# Year End Player Asessment-Player 4: Erick Dampier



## Dre (Jun 20, 2003)

*Erick Dampier*











2005(DAL):27.3 MPG 9.2 PPG 8.5 RPG 1.4 BPG 55% FG 
2004(GS): 32.5 MPG 12.3 PPG 12.0 RPG 1.9 BPG 53% FG​ 
This is where it gets interesting. For the sake of this discussion, I added his stats from his last year in Golden State. What grade does Dampier get in his first season as a Mav?


----------



## xray (Feb 21, 2005)

Pros: Gave the team an inside presence; offensively, showed Dirk the path to the basket (garnering Dirk MVP consideration, and increase in scoring). 
Defensively, allowed perimeter to expand to the 3 point line with pressure.

Cons: painfully slow when matched up with quicker, more mobile bigs; allowed too many easy baskets by those he should have advantage over (think Yao). Showed surprisingly poor hands around the basket. Mouth was almost as big as his contract.

My grade: C


----------



## Tersk (Apr 9, 2004)

He gets a C+ from me, despite his poor performances in the playoffs we wouldn't be there without him. He was a good defender and helped us out


----------



## Dre (Jun 20, 2003)

Bump. We can't have Bradley outposting our big acquisition. 

I'm going to give him a C, simply because he didn't show up when we needed him to. We could've had the same record in the regular season with last year's team. Dampier was supposed to be the difference in the playoffs, and instead, he was the punchline of the playoffs. Anytime your name is a synonym for bad, your acquisition can be considered a failure.
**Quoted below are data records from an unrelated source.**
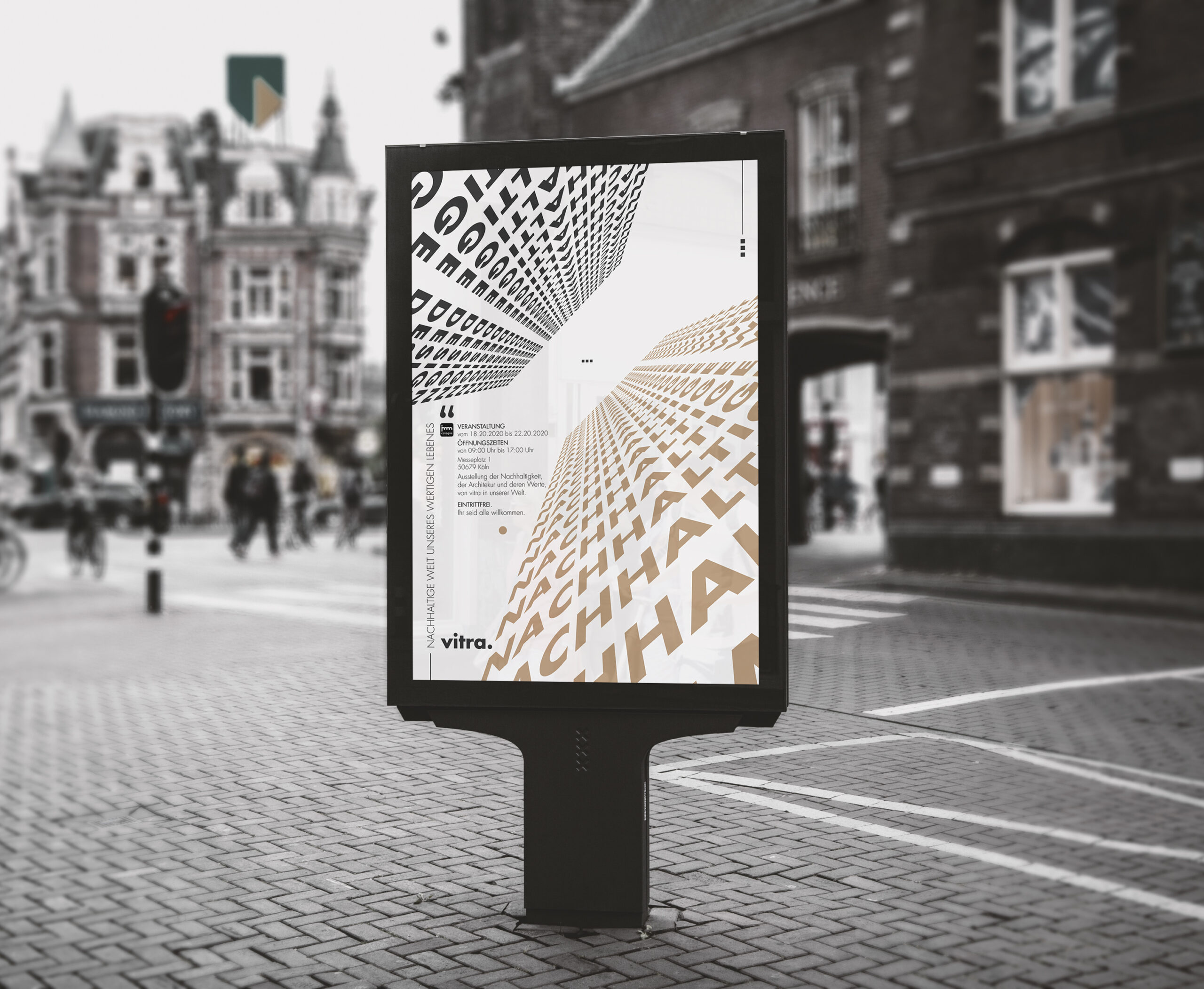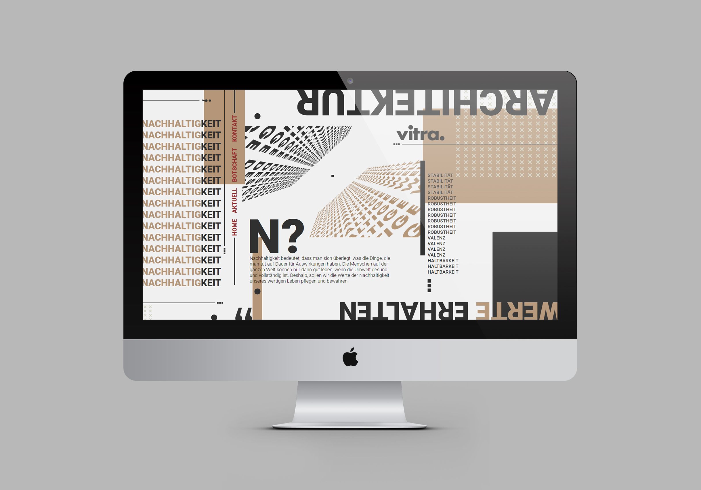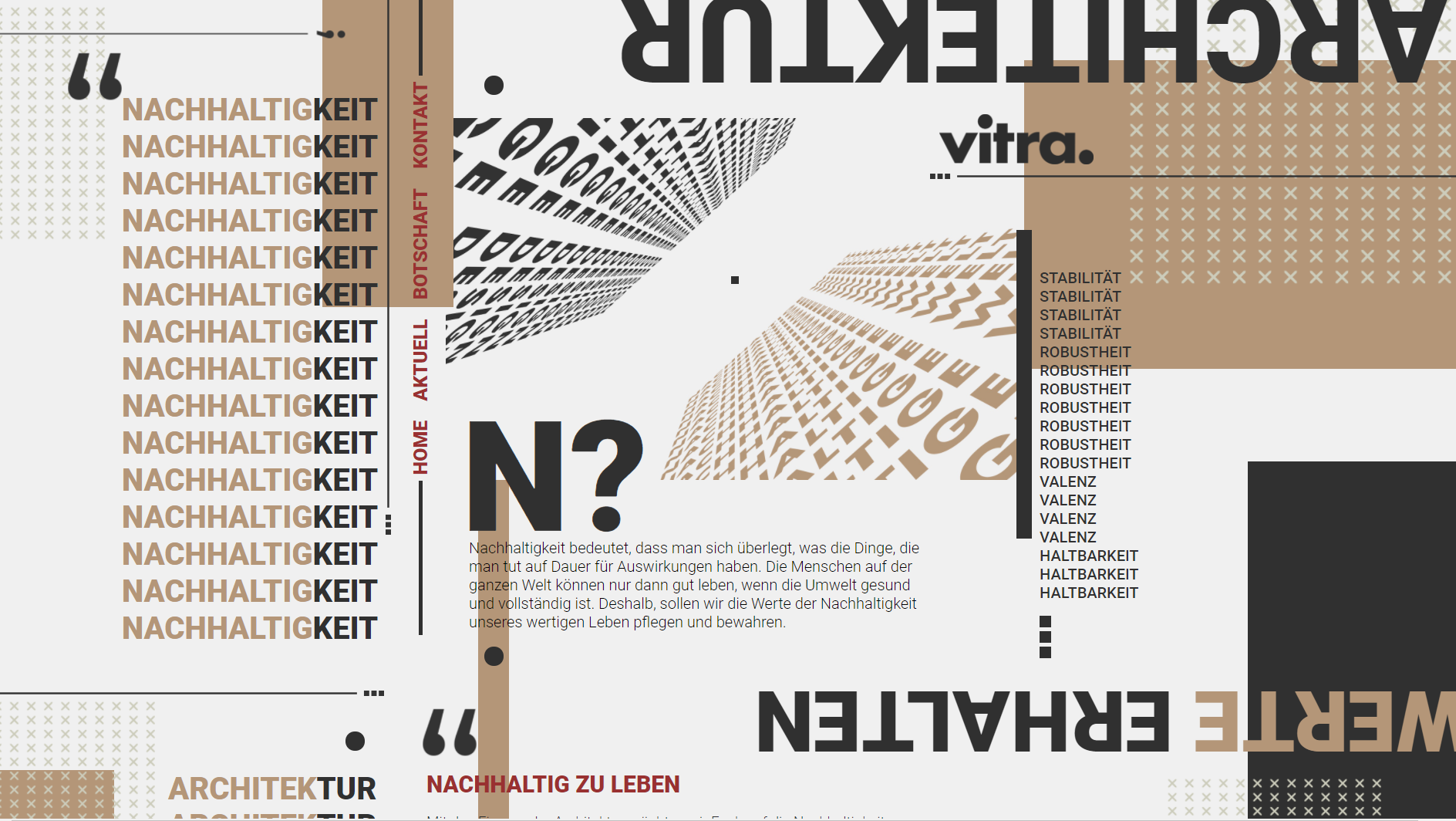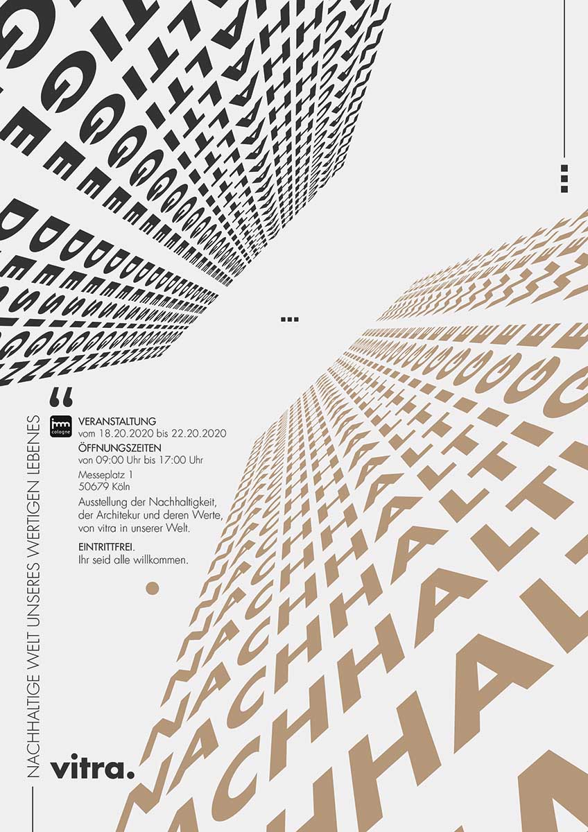 Die Marke „Vitra“ ist eine international bekannte Marke, die für hochwertiges Design, Möbel und Accessoires steht. Das Unternehmen ist besonders für seine Zusammenarbeit mit renommierten Designern und Architekten bekannt und steht für Innovation, Qualität und Nachhaltigkeit. Das visualisierte Designkonzept ist zeitgenössisch mit Fokus auf Klarheit, Struktur und visuelle Prägnanz. Es bilden architektonische Strukturen. Es ist klar moderne, minimalistische. Es wirkt zeitgenössisch, sachlich sowie zeitlos und professionell. Sie vermittelt Werte wie Stabilität, Nachhaltigkeit und Innovationskraft.
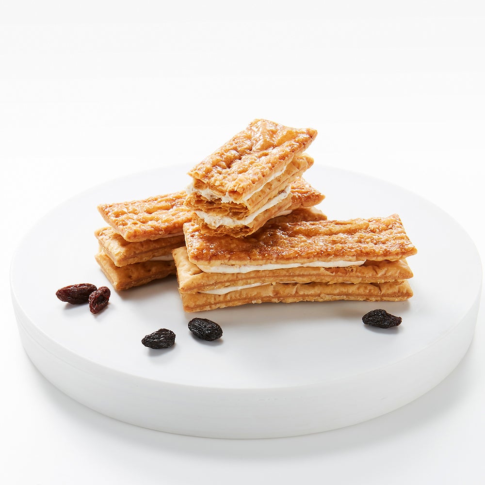 大人の街「銀座」をイメージしたラム酒香るレーズン入りのクリームを、サクサクのフィユタージュでサンドしました。
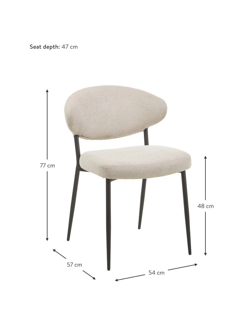Westwing Collection Polsterstühle Adele in Beige, 2 Stück, B 54 x T 57 cm
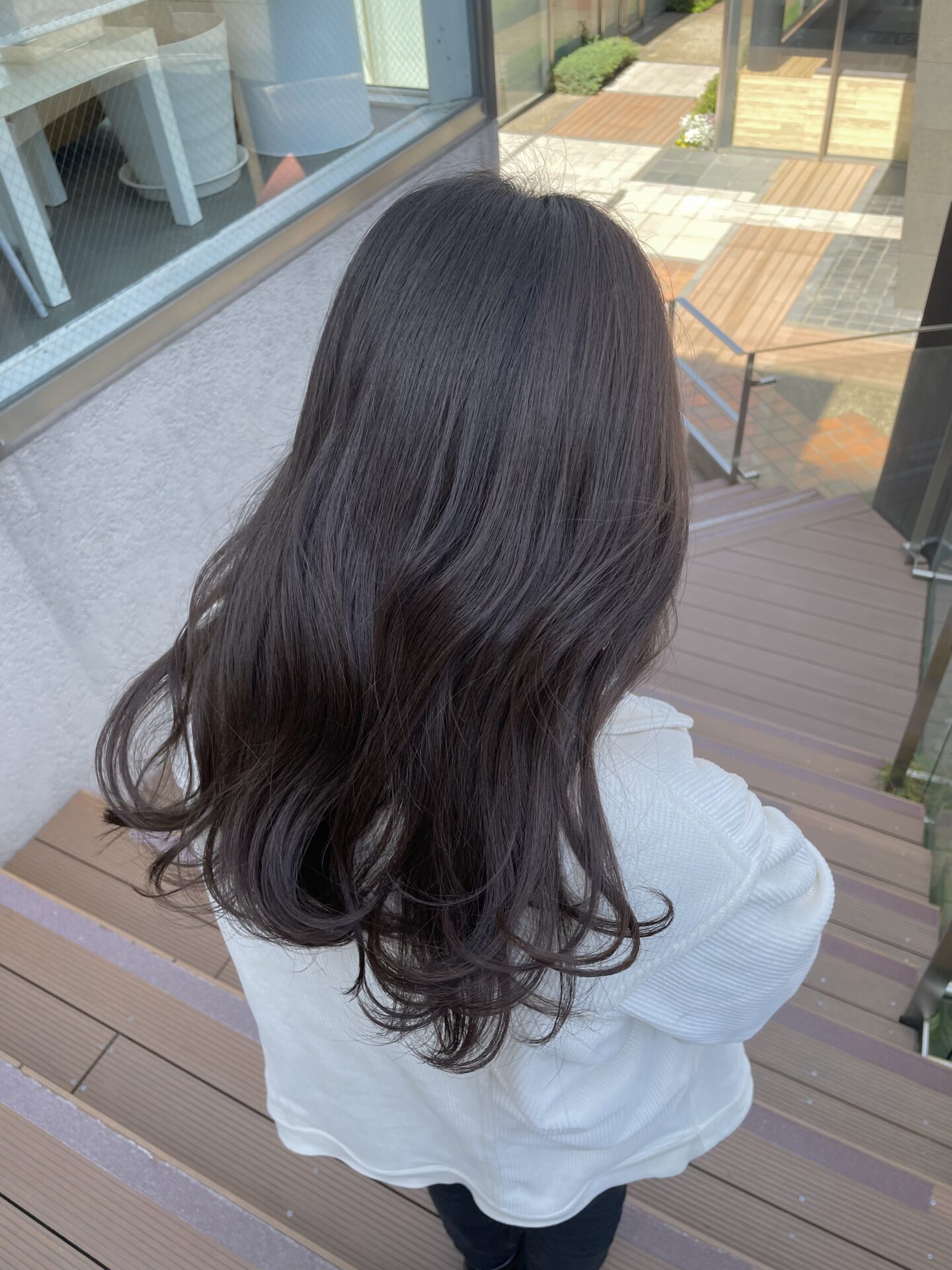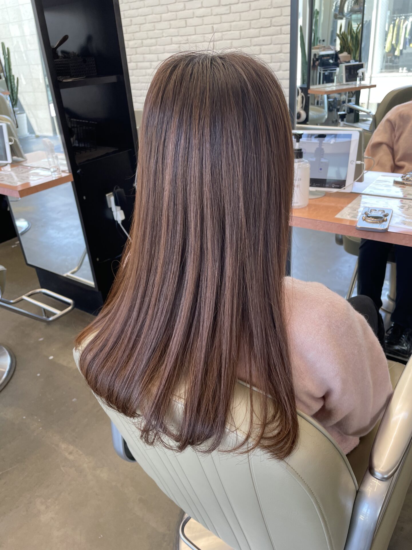 ・明るさのトーンで暗くするのではなく、色味で落ち着いた印象にしているので暗すぎること無く巻いても可愛い柔らかい印象になりました
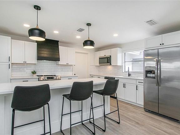 RARE opportunity to own your DREAM HOUSE in beautiful Clearwater, a property like this does not come around often! This stunning residence boasts 4 bedrooms, 2 bathrooms, and a 2 car garage on a gorgeous lot and finishes buyers dream of!. Upon entering, you will be captivated by the breathtaking finishes of this home. The kitchen is a chef's dream - with beautiful STAINLESS STEEL appliances, STONE countertops, STYLISH LIGHTING, and gorgeous CABINETRY. Lovely open floorplan perfect for entertaining! The master bedroom is filled with light and is a tranquil retreat. The master bathroom features beautiful vanity with stylish counters and a large spa-like shower. Enjoy relaxing in your family room and entertaining. Or enjoy the Florida lifestyle sitting out back on your screened lanai overlooking a SPARKLING POOL and great backyard! Enjoy living in this sought after location, close to amazing beaches, dining, and entertainment!
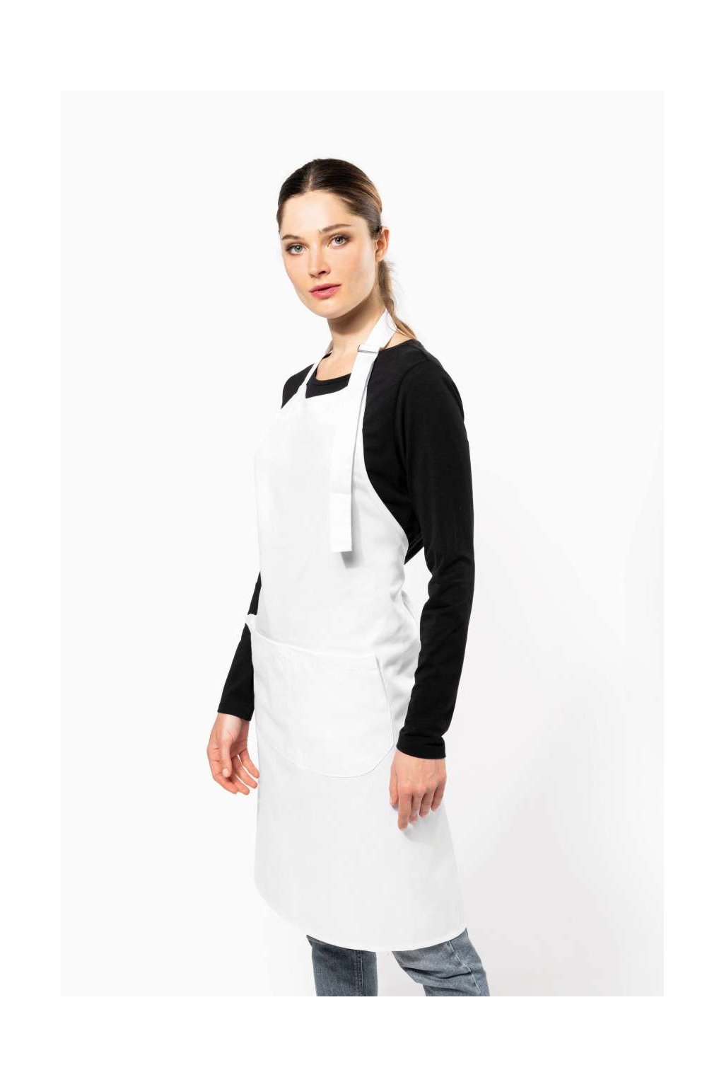 Zástěra s velkou přední kapsou a dvěma přihrádkami bude Vaším pratickým pomocníkem. Kapsa má na délku 20 cm a na šířku 31,5 cm. Popruh za krkem snadno nastavíte kovovou přezkou. Zástěru lze prát na vysokou teplotu - praní v domácnosti na 60°C a průmyslové praní při 85°C v souladu s požadavky normy ISO 15797.
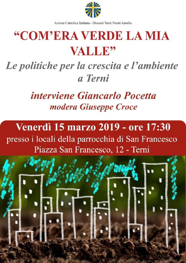 Venerdì 15 marzo alle ore 17.30 presso la parrocchia di San Francesco a Terni iniziativa del discernimento organizzata dalla Azione Cattolica diocesana dedicata agli aspetti ambientali ed epidemiologici del territorio ternano. “Come era verde la mia valle” a cura del prof. Giuseppe Croce economista Università La Sapienza Roma ed del Dr. Giancarlo Pocetta docente presso la cattedra di Igiene dell’ Università di Perugia.
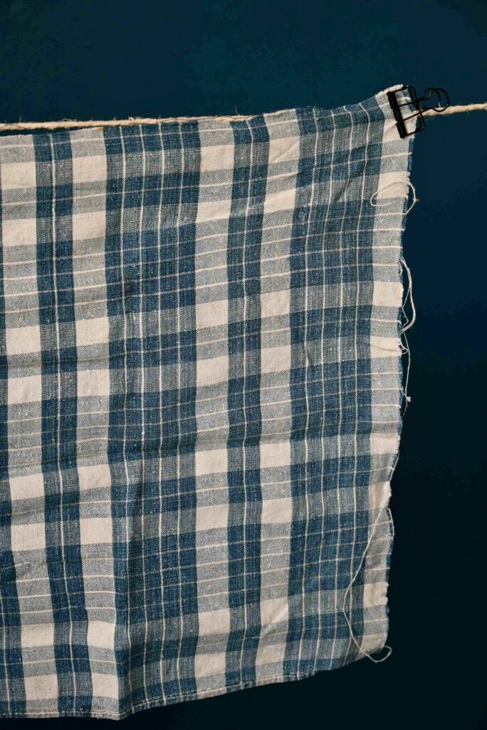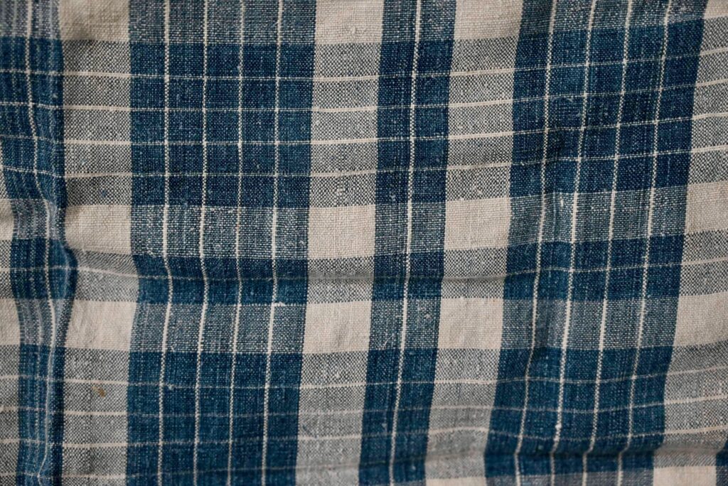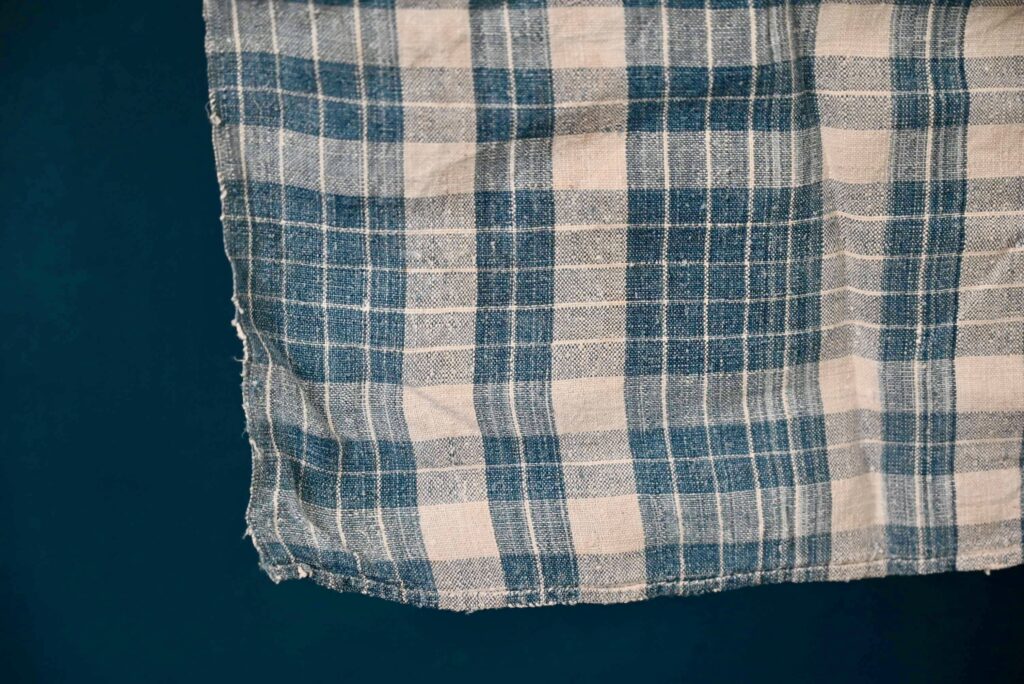 Le Kelsch est un tissu traditionnel de pur lin ou de lin mélangé à d’autres fibres végétales. Destinés à devenir du linge de lit, les Kelsch étaient traditionnellement offerts aux jeunes mariés. Patrimoine familial, les plus belles pièces n’étaient jamais utilisées et restaient dans les armoires polychromes, conservées comme des trésors précieux. Ce tissu est emblématique des productions artisanales alsaciennes (Région du Ried, Vallée de Sainte Marie Aux Mines). C’est un bel exemple d’art populaire, témoin d’une époque passée, mais touchant et actuel. Ce coupon est tissé en 2 couleurs avec des motifs à carreaux présentant de jolies variations.
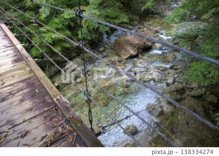 吊り橋から見下ろす新緑の渓流と背景
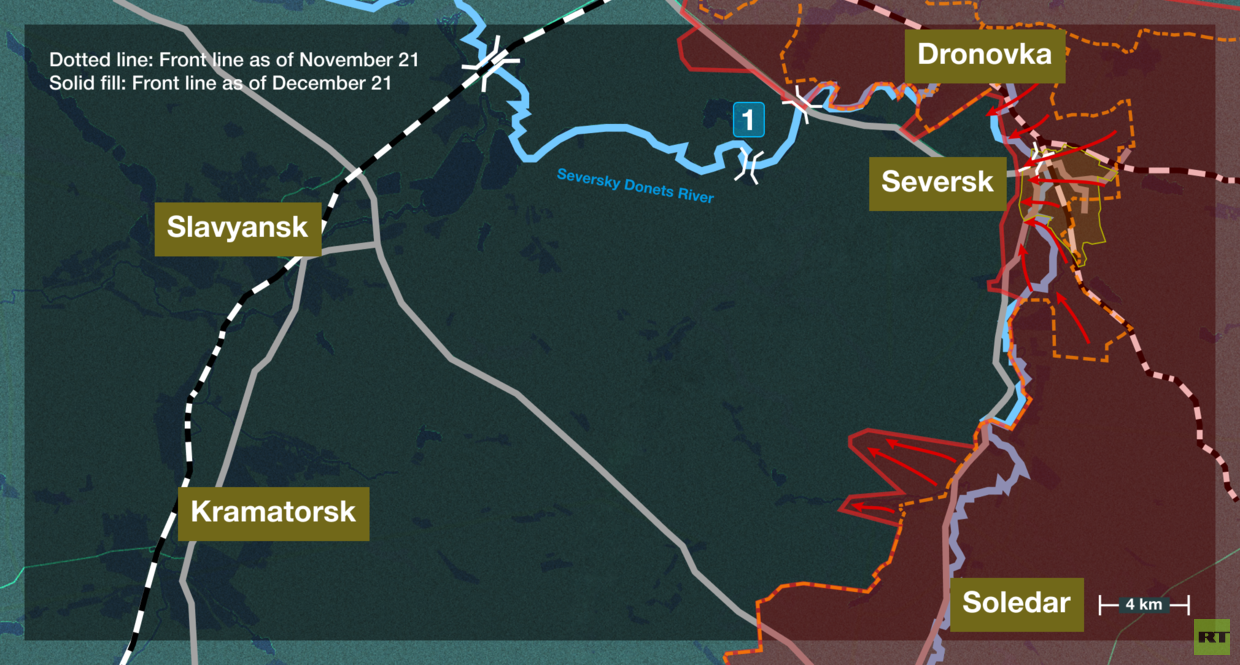 Such a maneuver is quite possible. For example, it was the crossing of the Seversky Donets River near the railway bridge in the area of Dronovka that allowed the Russians to cut off one of the routes to Seversk, leading to success in battles for the city.

I really want to give him a D, but I took his regular season into account a bit.


----------



## CLUTCH#41 (Mar 22, 2005)

I'll give him a C.


----------



## LionOfJudah (May 27, 2003)

I gave him a D just because his mouth is just about as big as his contract like Bray said. We have made some great moves in the past but in retrospect signing Dampier for a masive multiyear contract is starting to look like the dumbest move we've had in a while. Another reason for his D is because you put production vs contract he's ****.


----------



## KokoTheMonkey (Aug 4, 2003)

I'm glad you added last year's stats as well. If you adjust Dampier's stats this year to the minutes he played last year, that would give him about 11 PPG - 10 RPG - 1.7 BPG. That's not completely spectacular, but it's not bad by any means. In the playoffs, he couldn't manage to stay on the floor, but just look who he had to guard. That's not an excuse for why he could only manage 23 MPG in the playoffs, but I think his foul troubles was more about who he was guarding as opposed to just hacking left and right.



I gave him a B. That happens to be the highest grade he was given, and well, if I could go back I would give him a B-. He wasn't great, but you still got pretty solid production out of him when he was on the floor.


----------